The DCO object data is envoded in msgpack arrays. An overall array of three elements codes time tick, time span, and the DCO object contents in an array.

On top of that, the file can contain multiple segments. The segment information links a name (something like "recording1") with a stretch of data in the file. To this end, the file block offsets, starting points in these blocks, and the end of the recording is stored in the segment information in stream #1. By decoding the segment information in stream #1, the start and end points in the file for each recording segment can be found.

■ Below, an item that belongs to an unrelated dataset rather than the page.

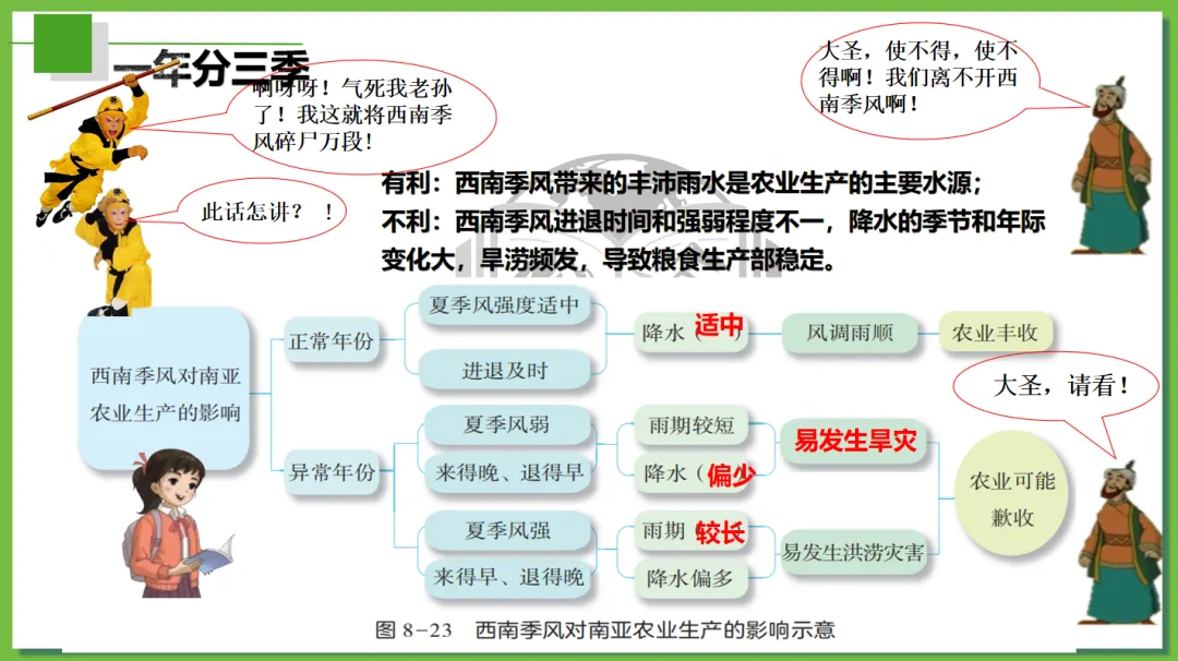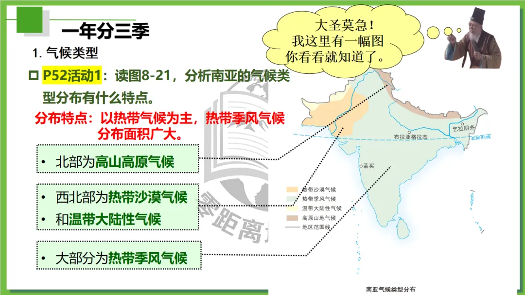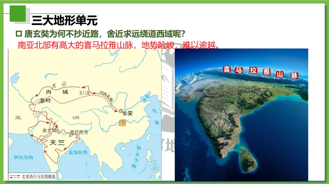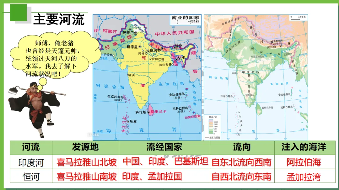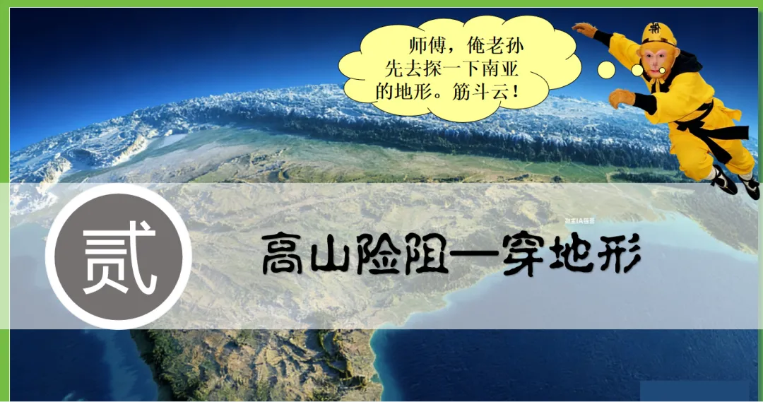 本课以唐僧师徒西天取经为主线,创设“取经启程(定位南亚)→ 高山险阻—穿地形→风雨考验—识气候→ 途经村落—看农业→ 参拜圣寺(悟文化)→ 取经归来(总特征)”故事线索,将南亚地理知识点(位置、地形、气候、河流、农业、宗教文化)融入师徒取经的每一个关键节点,实现“故事情境+地理知识+核心素养”三维融合,兼顾趣味性和知识性,适配初中地理课堂,帮助学生快速理解、记忆南亚区域特征,树立人地协调观和区域认知。

If not controlled through the log configuration (see below), a datafile will simply contain a single segment.

Logging

To add the logging module, add ddff to the DUECA components in your main CMakeLists.txt, for example:

set(DUECA_COMPONENTS ${SCRIPTLANG} extra dusime udp ddff)

The logging module can then be added to the dueca_mod.py configuration file, Logging works by subscribing to the specified channels. DCO objects in those channels need to be generated with the

(Option msgpack)

option. Preferably give the logger its own priority. Timing does not need to be fast, a few invocations per second is enough, the logger will simply collect the data from the specified channel, and code these in the DDFF logging format. Each channel or each entry will be written into a logging stream,

There are two common ways of specifying log entries.

  • The first is targeted to a single entry, either the first one in a channel, or an entry specified by a specific label. Here you also specify a data type, this will be how the data is read from the channel and logged.
  • The second is by means of specifiying a channel to watch. When entries appear in that channel, they will be logged to a logging stream. These will simply be logged with the data type appearing in the channel.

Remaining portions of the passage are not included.